2. **Parity** (`--parity`): walk every `*.json` file in `/locales/` (excluding `languages.json`), pairwise-diff the recursive key set (path strings only, ignoring values), and report any key path that exists in one file but not the other.
- Exit code: 0 if both checks pass, non-zero (1) otherwise. Suitable for CI invocation.
- Implementation: pure stdlib (`json`, `re`, `pathlib`, `argparse`). No new packages, no project imports — runs from a clean checkout.
**Contracts**: Batch [x]
##### Batch / Job Contract
- Trigger: `python scripts/check_i18n_logs.py [--logs|--parity]` (default both) from repo root.
- Input / validation: scans the embedded file list and `/locales/*.json`. Stops with a clear error if a listed file is missing.

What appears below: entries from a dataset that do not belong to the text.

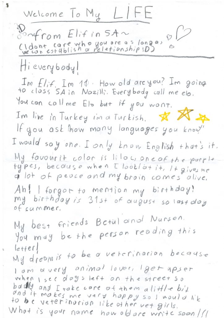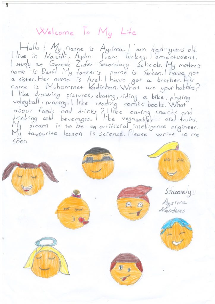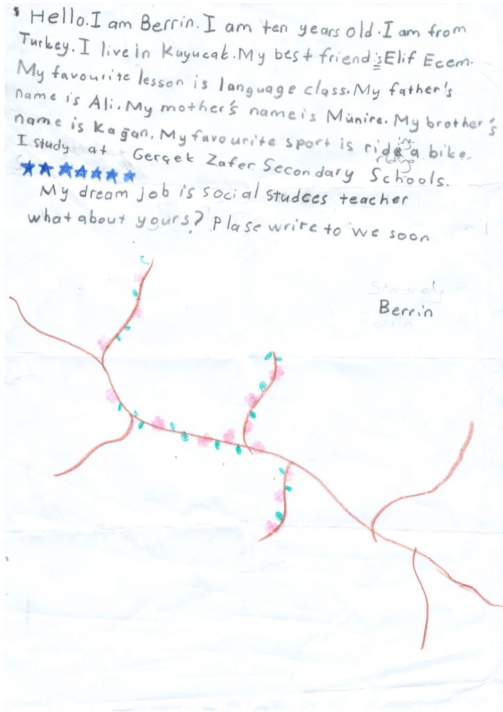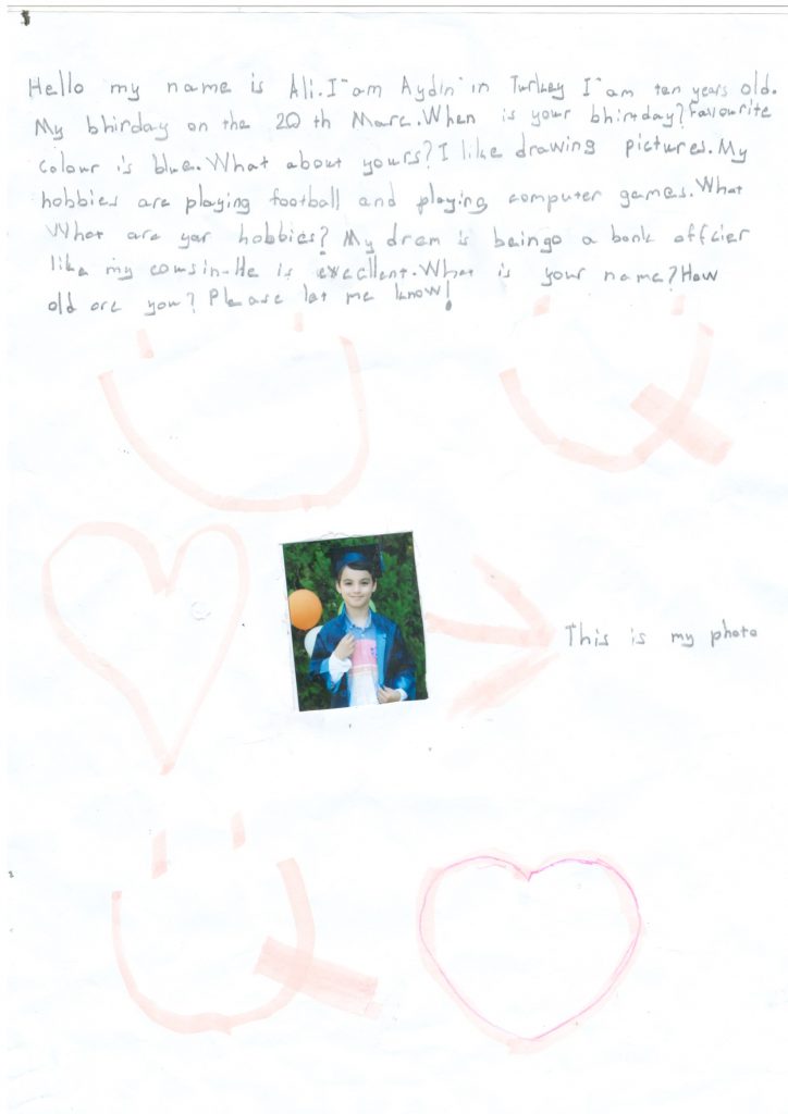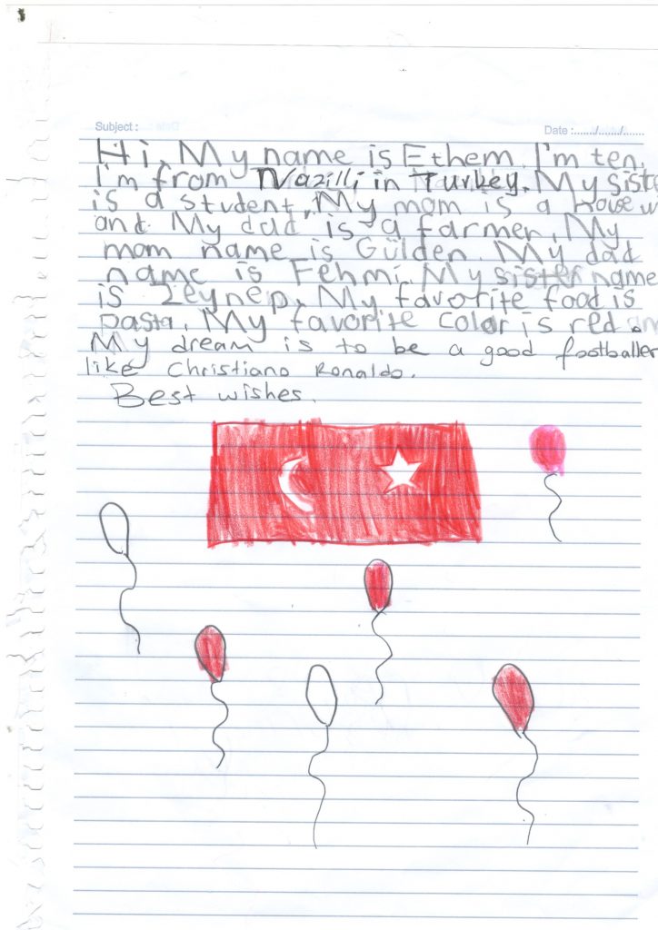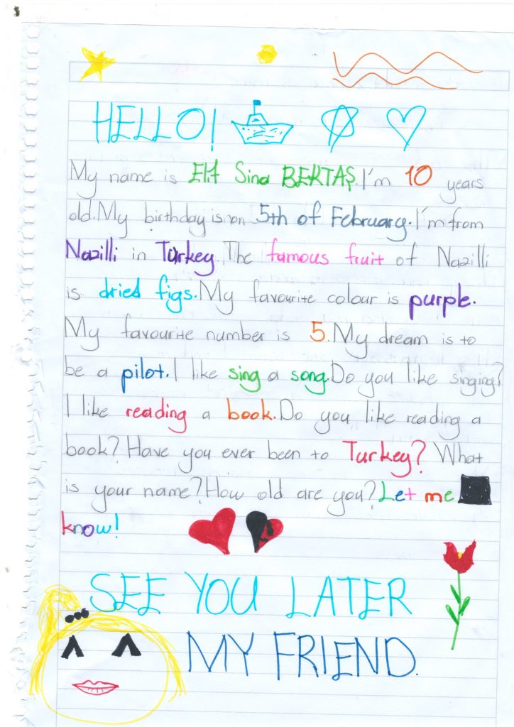 W ramach programu CAMBRIDGE PENFRIENDS nawiązaliśmy współpracę ze szkołą w Turcji . Tamtejsi uczniowie napisali do nas wiele listów. Oto kilka z nich:
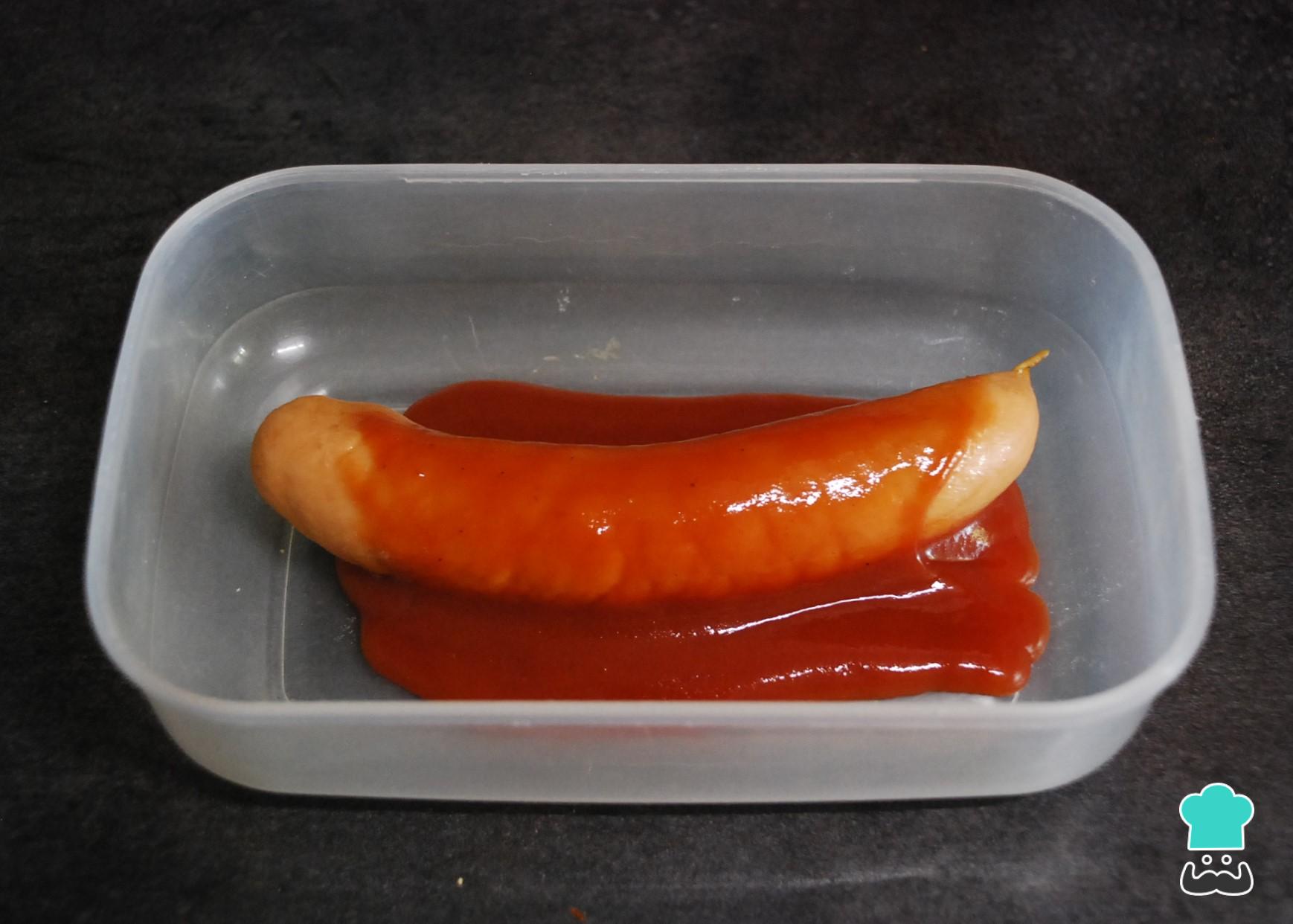 Prepara otro envase de las mismas características con la salsa de tomate. Baña las salchichas el ketchup hasta que queden bien cubiertas.
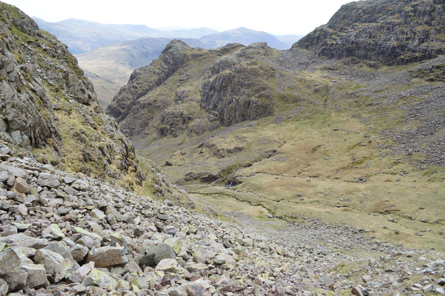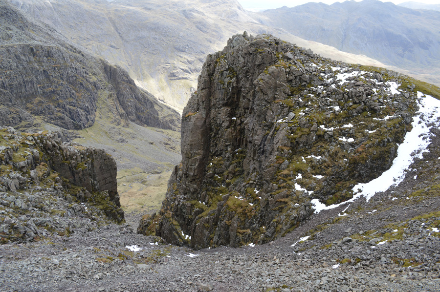 I don't know why I sound so happy because III Crag Col seen with the steep scree running below is my route back onto the ridge. |
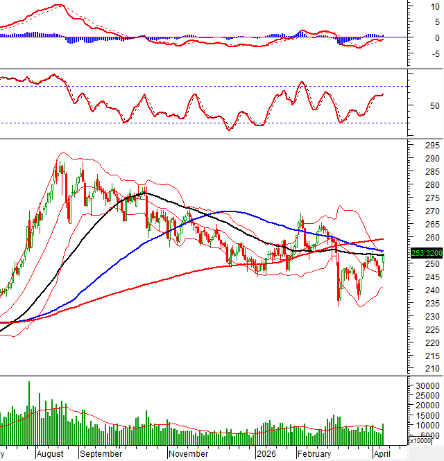 Hiện tại, MACD tiếp tục nới rộng khoảng cách với đường Signal sau khi cho tín hiệu mua. Tình hình sẽ càng lạc quan hơn nếu chỉ báo duy trì trạng thái này và cắt lên ngưỡng 0 trong các phiên tới.
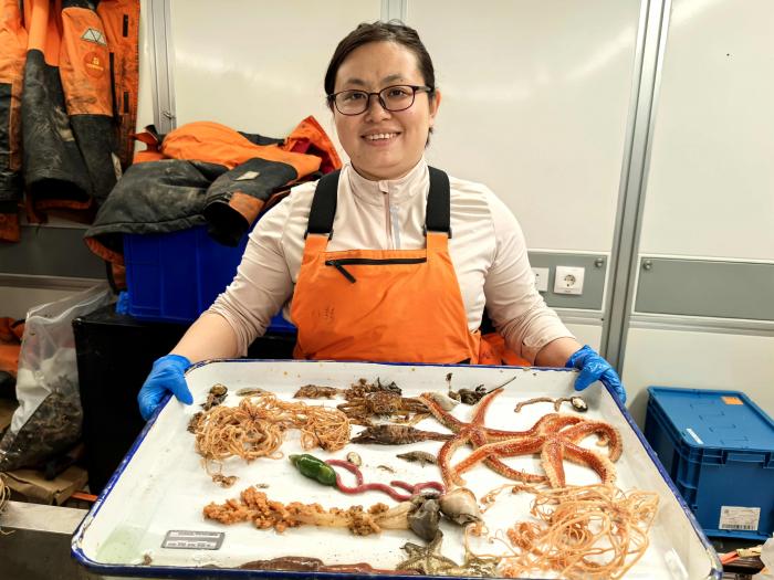 科考队员黄雅琴展示北冰洋底栖生物样品(2025年7月31日摄)。

- Output / destination: stdout. Each finding line: `<file>:<lineno>: <reason>: <snippet>`. Final summary: `OK` or `N issues`.
- Idempotency & recovery: read-only; safe to re-run.
**Implementation Notes**
- Integration: not wired into CI by this spec (steering doesn't have CI configured). Documented in the spec's HANDOFF if needed; otherwise just available as a one-liner.
- Validation: developer runs the script before committing.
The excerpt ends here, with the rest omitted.